British pharmaceutical giant GlaxoSmithKline
British pharmaceutical giant GlaxoSmithKline already faces bribery probe in China

China is set to begin a fresh three-month probe into its pharmaceutical and medical services industry, in a bid to root out bribery and other illegal business practices, following the scandal that has rocked GlaxoSmithKline.

The probe by the State Administration for Industry and Commerce (SAIC), one of the anti-trust regulators in China, is due to begin on Thursday, according to a report by the Xinhua news agency.

The SAIC, which is in charge of market supervision and commercial bribery cases in the country, also targets other sectors affected by bribery, fraud and other anti-competitive business practices.

The regulator will look into malpractices used by car dealers, placement agencies, and real estate agents among others.

"Commercial bribery not only leads to artificially high prices, it undermines market order in terms of fair competition and corrupts social morals and professionalism," the report said.

Xinhua added that the SAIC is aiming to "severely punish firms" if they are found guilty for bribery in the bidding process for drugs and medical services.

Widening Investigations and Arrests

Another Chinese regulator the National Development and Reform Commission (NDRC) is already investigating 60 foreign and local pharmaceutical firms over price-fixing.

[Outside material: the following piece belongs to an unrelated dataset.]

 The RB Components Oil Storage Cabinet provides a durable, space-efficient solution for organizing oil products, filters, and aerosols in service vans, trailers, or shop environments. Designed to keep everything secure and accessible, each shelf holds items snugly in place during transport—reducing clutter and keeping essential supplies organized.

The NDRC is yet to conclude the investigation.

The commission also probes other sectors including milk powder, jewellery and autos over price-fixing.

Earlier this month, there were reports that French drugmaker Sanofi is being probed by Beijing municipal authorities over bribery allegations. Sanofi staff allegedly paid bribes totalling 1.69m yuan ($274,000; €205,000; £177,000) to 503 doctors at 79 hospitals in Beijing, Shanghai, Guangzhou and Hangzhou, in late 2007, to encourage them to prescribe Sanofi products.

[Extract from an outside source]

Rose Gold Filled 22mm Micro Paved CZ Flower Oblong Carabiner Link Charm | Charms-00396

Sanofi said in a response that it takes the allegations very seriously.

In addition, British pharmaceutical giant GlaxoSmithKline has been facing investigation for suspected bribery and tax-related offences in China since early July.

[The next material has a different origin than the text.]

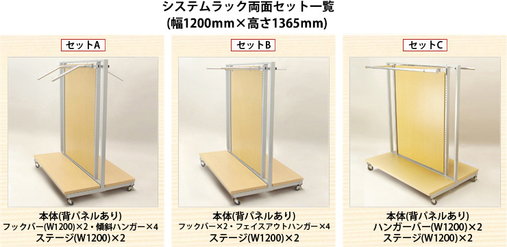 両面システムラック(W1200×H1365)のセット商品です。用途に合わせてセットをお選びください。

China's Ministry of Public Security accused unnamed GSK executives of routing 3bn yuan in bribes to doctors through 700 travel agencies and consultancies over six years.

In connection with the allegations, Chinese authorities have taken several GSK executives into custody and claim a number admitted to criminal charges of bribery and tax law violations.

GSK also admitted some Chinese executives appeared to have broken the law but CEO Andrew Witty said the head office had no prior knowledge about the wrongdoing.